** Opening DATA FOR PROCESSING block **

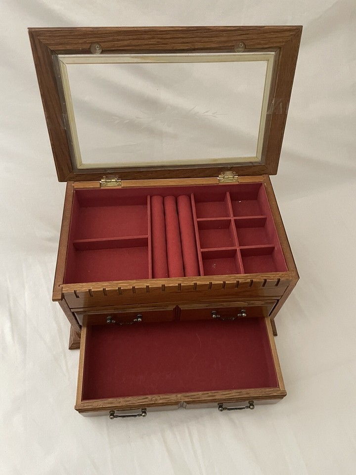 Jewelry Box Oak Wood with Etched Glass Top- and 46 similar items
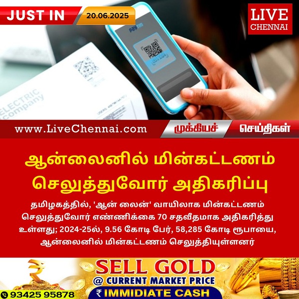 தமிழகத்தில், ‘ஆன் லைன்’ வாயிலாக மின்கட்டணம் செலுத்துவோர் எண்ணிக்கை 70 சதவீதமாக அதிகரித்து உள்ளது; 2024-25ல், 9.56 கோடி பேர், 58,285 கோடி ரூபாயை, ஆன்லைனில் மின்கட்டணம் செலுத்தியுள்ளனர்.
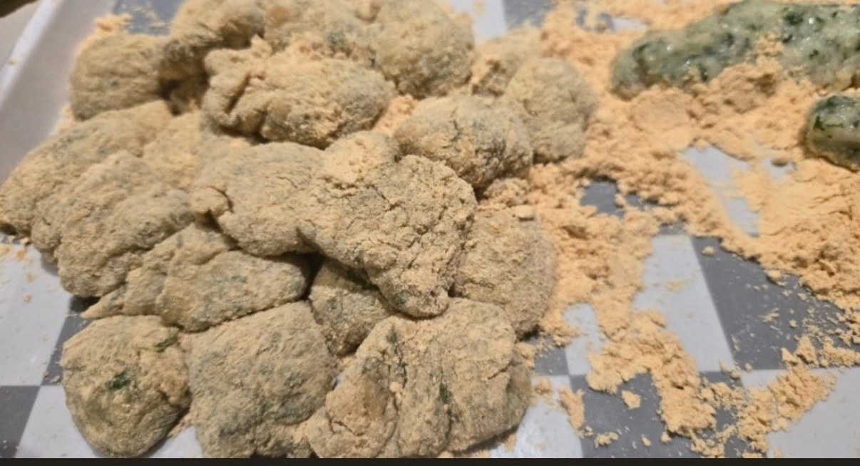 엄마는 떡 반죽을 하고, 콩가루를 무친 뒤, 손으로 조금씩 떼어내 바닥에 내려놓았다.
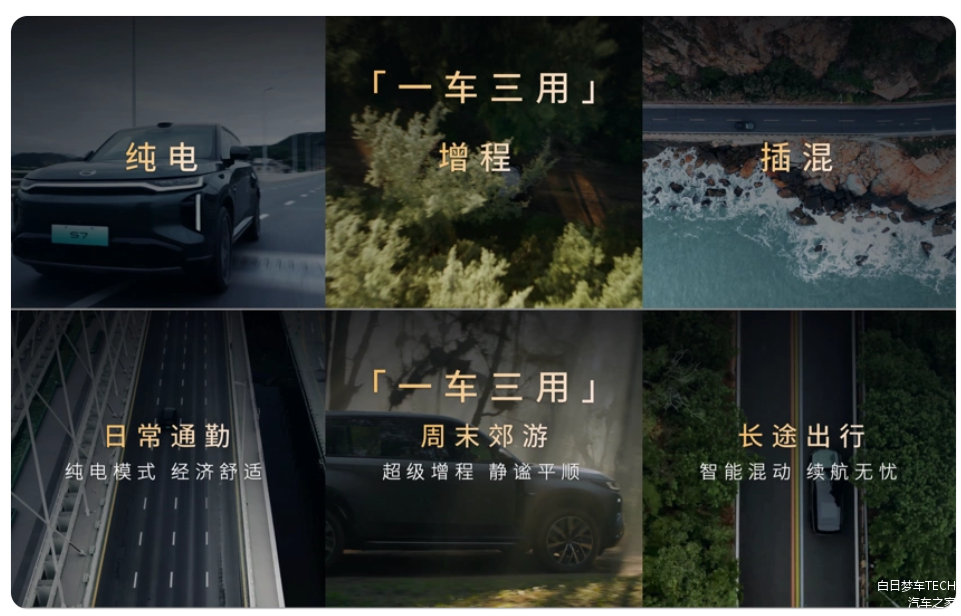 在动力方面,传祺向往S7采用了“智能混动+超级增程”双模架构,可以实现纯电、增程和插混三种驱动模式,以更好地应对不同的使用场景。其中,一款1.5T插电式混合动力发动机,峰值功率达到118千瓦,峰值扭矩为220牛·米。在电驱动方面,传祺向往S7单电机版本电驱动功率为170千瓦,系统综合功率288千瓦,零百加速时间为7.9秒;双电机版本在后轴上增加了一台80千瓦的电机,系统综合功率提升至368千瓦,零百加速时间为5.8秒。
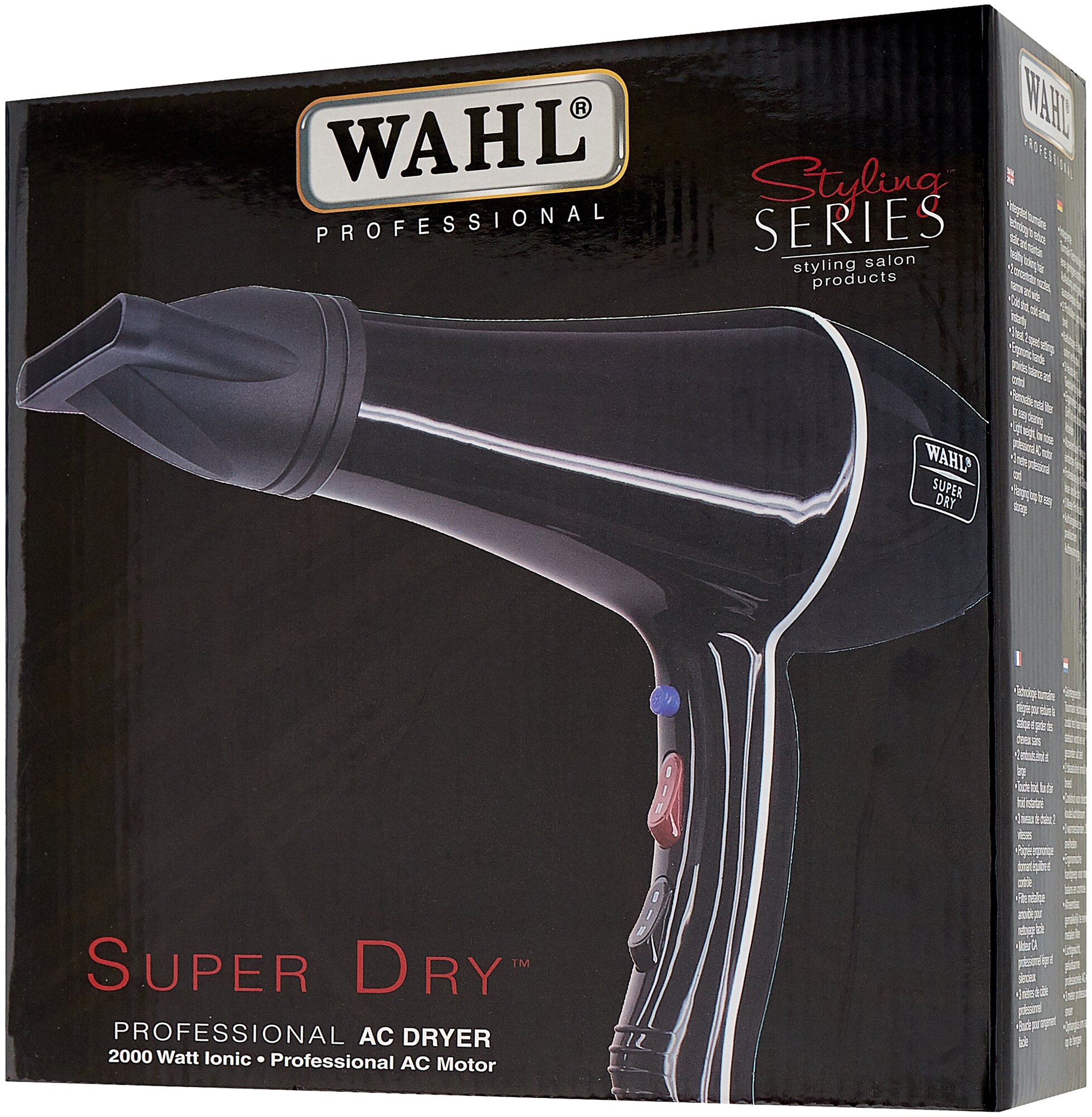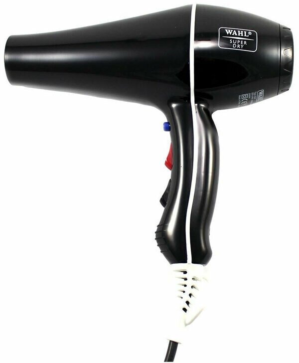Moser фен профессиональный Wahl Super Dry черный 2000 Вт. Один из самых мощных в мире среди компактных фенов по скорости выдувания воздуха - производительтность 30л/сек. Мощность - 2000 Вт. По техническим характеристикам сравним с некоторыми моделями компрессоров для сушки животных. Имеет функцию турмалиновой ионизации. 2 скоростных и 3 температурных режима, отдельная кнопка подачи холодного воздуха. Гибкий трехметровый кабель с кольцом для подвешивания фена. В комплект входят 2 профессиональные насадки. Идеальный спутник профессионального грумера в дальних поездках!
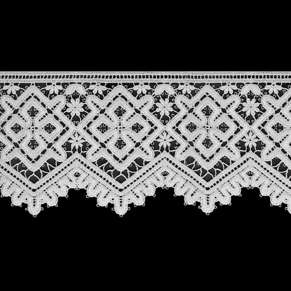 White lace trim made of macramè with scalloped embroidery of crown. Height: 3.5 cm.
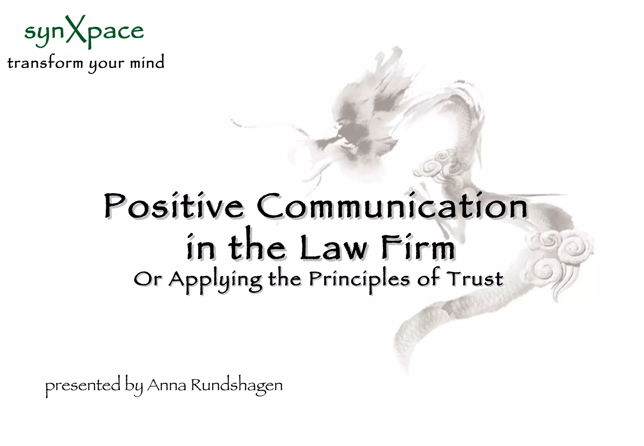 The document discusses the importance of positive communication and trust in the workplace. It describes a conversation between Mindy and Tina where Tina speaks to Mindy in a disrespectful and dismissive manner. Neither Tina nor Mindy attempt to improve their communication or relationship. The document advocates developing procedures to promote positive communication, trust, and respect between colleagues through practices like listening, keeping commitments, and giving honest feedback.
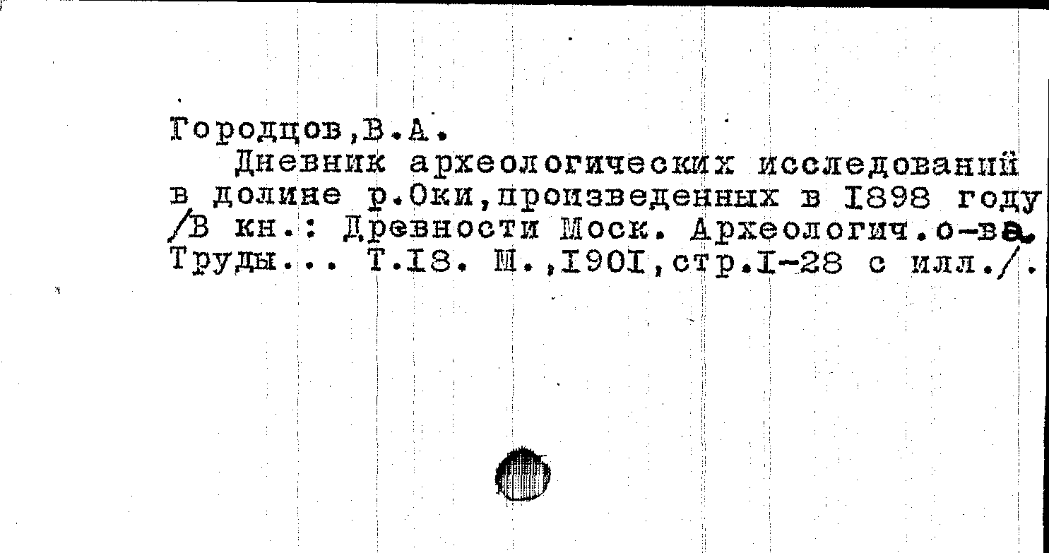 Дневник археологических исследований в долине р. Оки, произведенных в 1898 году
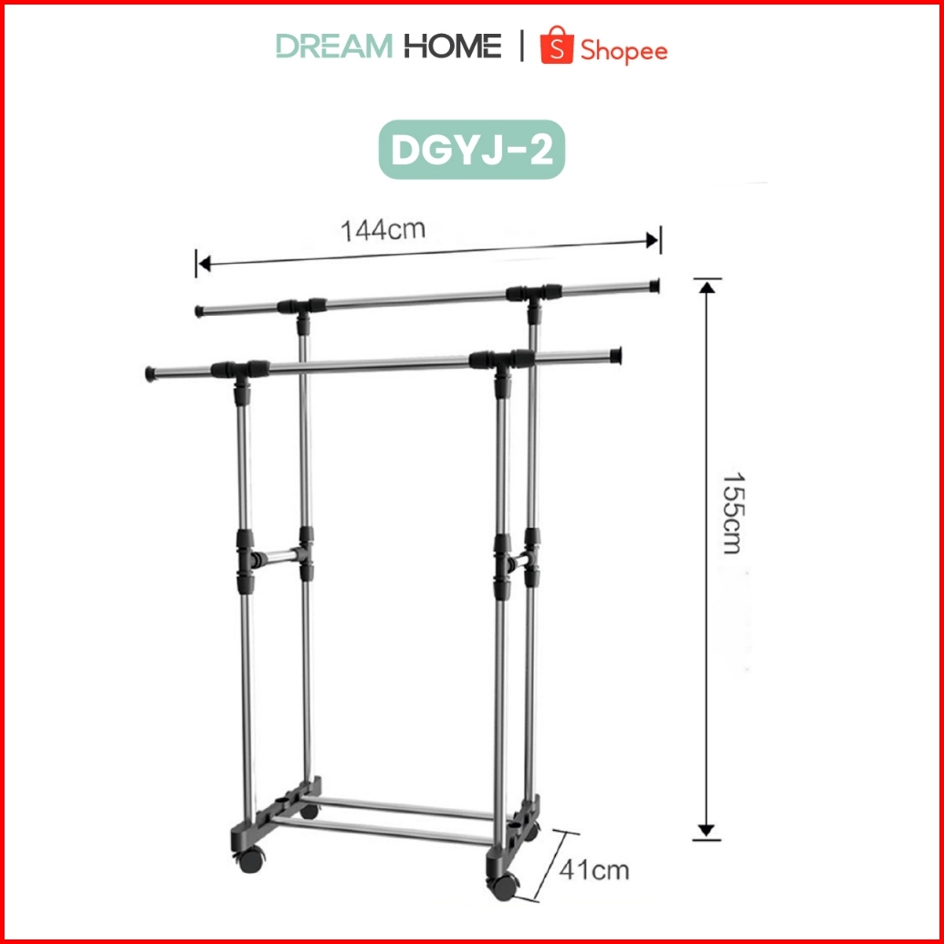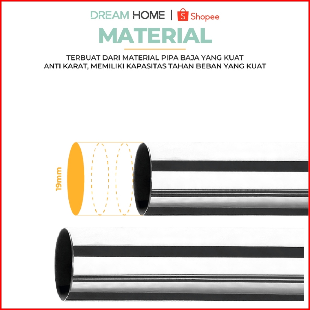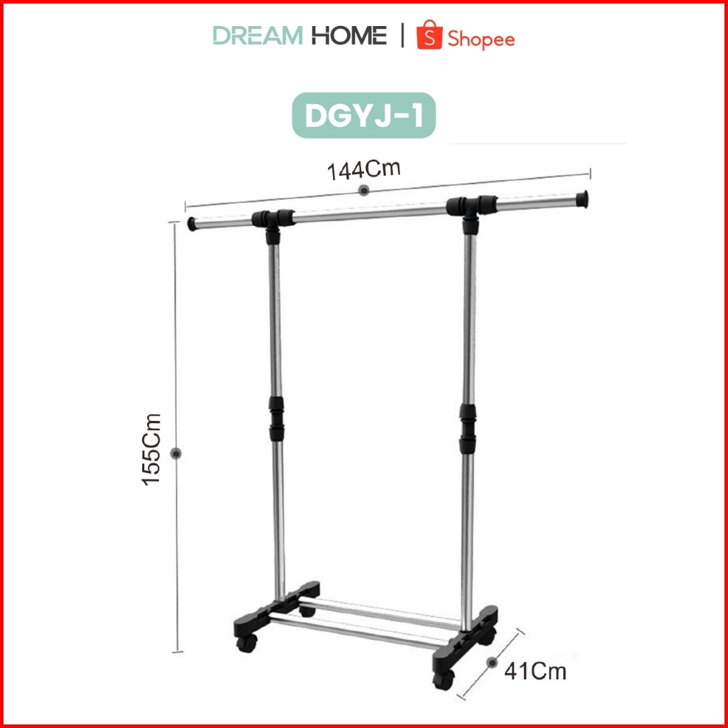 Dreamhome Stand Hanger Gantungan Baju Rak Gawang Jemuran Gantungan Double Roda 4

** Closing DATA FOR PROCESSING block **

» **YOUR INSTRUCTIONS**:
Take the line with "தமிழகத்தில், ‘ஆன் லைன்’" as the first line and the last line of the records above as the final one; reproduce exactly the lines between them, both included, without pictures.

» **WORKED SOLUTION**:
 தமிழகத்தில், ‘ஆன் லைன்’ வாயிலாக மின்கட்டணம் செலுத்துவோர் எண்ணிக்கை 70 சதவீதமாக அதிகரித்து உள்ளது; 2024-25ல், 9.56 கோடி பேர், 58,285 கோடி ரூபாயை, ஆன்லைனில் மின்கட்டணம் செலுத்தியுள்ளனர்.
 엄마는 떡 반죽을 하고, 콩가루를 무친 뒤, 손으로 조금씩 떼어내 바닥에 내려놓았다.
 在动力方面,传祺向往S7采用了“智能混动+超级增程”双模架构,可以实现纯电、增程和插混三种驱动模式,以更好地应对不同的使用场景。其中,一款1.5T插电式混合动力发动机,峰值功率达到118千瓦,峰值扭矩为220牛·米。在电驱动方面,传祺向往S7单电机版本电驱动功率为170千瓦,系统综合功率288千瓦,零百加速时间为7.9秒;双电机版本在后轴上增加了一台80千瓦的电机,系统综合功率提升至368千瓦,零百加速时间为5.8秒。
Moser фен профессиональный Wahl Super Dry черный 2000 Вт. Один из самых мощных в мире среди компактных фенов по скорости выдувания воздуха - производительтность 30л/сек. Мощность - 2000 Вт. По техническим характеристикам сравним с некоторыми моделями компрессоров для сушки животных. Имеет функцию турмалиновой ионизации. 2 скоростных и 3 температурных режима, отдельная кнопка подачи холодного воздуха. Гибкий трехметровый кабель с кольцом для подвешивания фена. В комплект входят 2 профессиональные насадки. Идеальный спутник профессионального грумера в дальних поездках!
 White lace trim made of macramè with scalloped embroidery of crown. Height: 3.5 cm.
 The document discusses the importance of positive communication and trust in the workplace. It describes a conversation between Mindy and Tina where Tina speaks to Mindy in a disrespectful and dismissive manner. Neither Tina nor Mindy attempt to improve their communication or relationship. The document advocates developing procedures to promote positive communication, trust, and respect between colleagues through practices like listening, keeping commitments, and giving honest feedback.
 Дневник археологических исследований в долине р. Оки, произведенных в 1898 году
 Dreamhome Stand Hanger Gantungan Baju Rak Gawang Jemuran Gantungan Double Roda 4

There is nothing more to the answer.